Using the listing below, print the line containing "- Removable top", the line containing "Ended Jul 10", and each line between them, exactly and nothing else. Pictures stay out of the print.

╭─ Data section

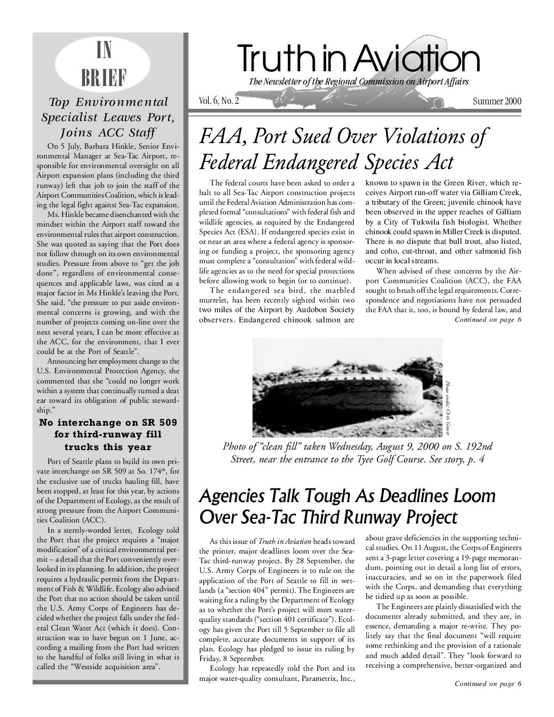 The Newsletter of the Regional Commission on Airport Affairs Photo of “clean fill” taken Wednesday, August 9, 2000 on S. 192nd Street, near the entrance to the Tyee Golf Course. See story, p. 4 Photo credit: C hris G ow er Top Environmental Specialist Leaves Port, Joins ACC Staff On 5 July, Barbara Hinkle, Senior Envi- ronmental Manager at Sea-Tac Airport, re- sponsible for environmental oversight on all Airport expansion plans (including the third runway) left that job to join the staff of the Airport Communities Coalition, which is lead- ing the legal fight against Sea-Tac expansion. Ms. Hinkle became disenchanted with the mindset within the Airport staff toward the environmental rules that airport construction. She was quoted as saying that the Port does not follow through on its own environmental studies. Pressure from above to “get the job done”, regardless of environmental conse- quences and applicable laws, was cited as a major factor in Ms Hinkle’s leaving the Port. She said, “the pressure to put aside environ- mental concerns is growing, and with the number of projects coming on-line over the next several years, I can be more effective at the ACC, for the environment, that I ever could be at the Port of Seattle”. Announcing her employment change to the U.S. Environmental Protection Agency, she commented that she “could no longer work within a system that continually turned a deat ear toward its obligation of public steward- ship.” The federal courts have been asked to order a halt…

╰─
╭─ Data section

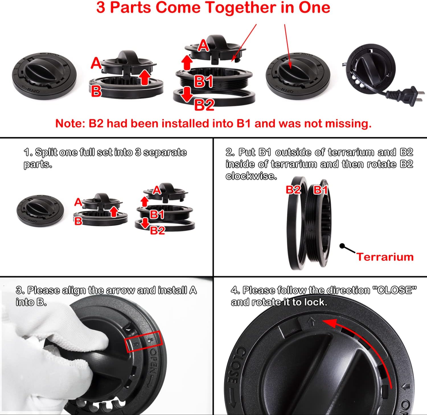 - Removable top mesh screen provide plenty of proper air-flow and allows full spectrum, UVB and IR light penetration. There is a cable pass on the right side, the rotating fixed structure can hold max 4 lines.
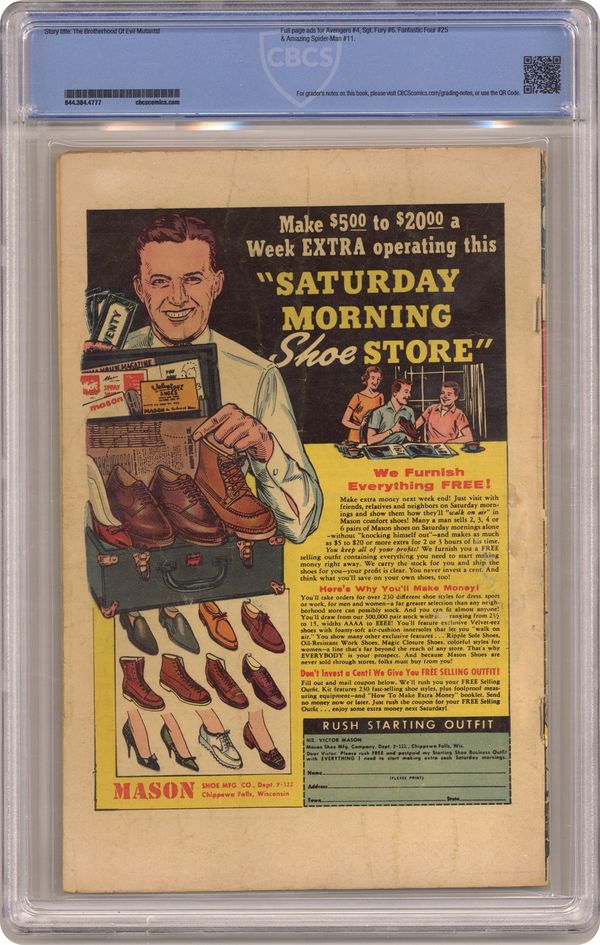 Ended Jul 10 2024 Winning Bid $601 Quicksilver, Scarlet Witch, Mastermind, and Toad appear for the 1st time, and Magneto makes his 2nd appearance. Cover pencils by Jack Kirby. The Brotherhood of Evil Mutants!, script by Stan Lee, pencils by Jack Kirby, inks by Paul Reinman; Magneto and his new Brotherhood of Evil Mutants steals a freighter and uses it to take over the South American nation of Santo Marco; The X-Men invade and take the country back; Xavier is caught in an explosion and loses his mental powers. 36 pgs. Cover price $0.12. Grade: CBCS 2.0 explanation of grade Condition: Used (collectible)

╰─

_Your response_
 - Removable top mesh screen provide plenty of proper air-flow and allows full spectrum, UVB and IR light penetration. There is a cable pass on the right side, the rotating fixed structure can hold max 4 lines.
 Ended Jul 10 2024 Winning Bid $601 Quicksilver, Scarlet Witch, Mastermind, and Toad appear for the 1st time, and Magneto makes his 2nd appearance. Cover pencils by Jack Kirby. The Brotherhood of Evil Mutants!, script by Stan Lee, pencils by Jack Kirby, inks by Paul Reinman; Magneto and his new Brotherhood of Evil Mutants steals a freighter and uses it to take over the South American nation of Santo Marco; The X-Men invade and take the country back; Xavier is caught in an explosion and loses his mental powers. 36 pgs. Cover price $0.12. Grade: CBCS 2.0 explanation of grade Condition: Used (collectible)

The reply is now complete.